Given topological spaces $X$ and $Y$, the expression $C(X,Y)$ stands for the set of all continuous functions from $X$ to $Y$. If $\alpha$ is a family of subsets of $X$, then the \textit{set-open topology} $\tau_\alpha$ on $C(X,Y)$ is generated by the family ${\mathcal S}= \{[A,V]: A\in \alpha$ and $V$ is an open subset of $Y\}$ as a subbase.
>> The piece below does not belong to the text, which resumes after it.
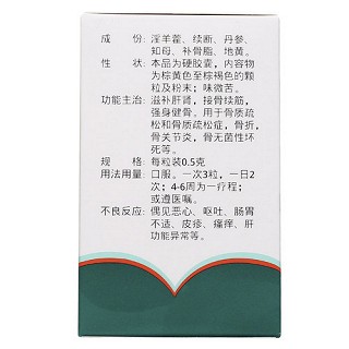 | 主要作用 | 滋补肝肾,接骨续筋,强身健骨,用于骨质疏松和骨质疏松症,骨折,骨关节炎,骨无菌性坏死等。 |

Here $[A,V]=\{f\in C(X,Y): f(A)\subset V\}$ for any open subset $V$ of the space $Y$ and $A\in \alpha$. \par A topology $\tau$ on the set $C(X,Y)$ is called \textit{admissible} if the evaluation map $e:C(X,Y) \times X\to Y$ defined by $e(f,x)=f(x)$ for any $f\in C(X,Y)$ and $x\in X$ is continuous on the space $(C(X,Y), \tau)\times X$. A family $\alpha$ of subsets of $X$ is called \textit{regular} if for any $x\in X$ and any open subset $U$ of the space $X$ such that $x\in U$, there exists $A\in\alpha$ with $x\in \text{Int}(A)\subset A\subset U$. \par A topological space $Y$ is said to be \textit{equiconnected} if there exists a continuous function $\Psi:Y\times Y\times [0,1]\to Y$ such that $\Psi(x,y,0)=x$, $\Psi(x,y,1)=y$ and $\Psi(x,x,t)=x$ for all $x,y\in Y $ and $t\in [0,1]$. The main result of the paper states that for any equiconnected $T_1$-space $Y$, if $\alpha$ is a family of subsets of a completely regular space $X$, then the set-open topology $\tau_\alpha$ on $C(X,Y)$ is admissible if and only if $\alpha$ is a regular family.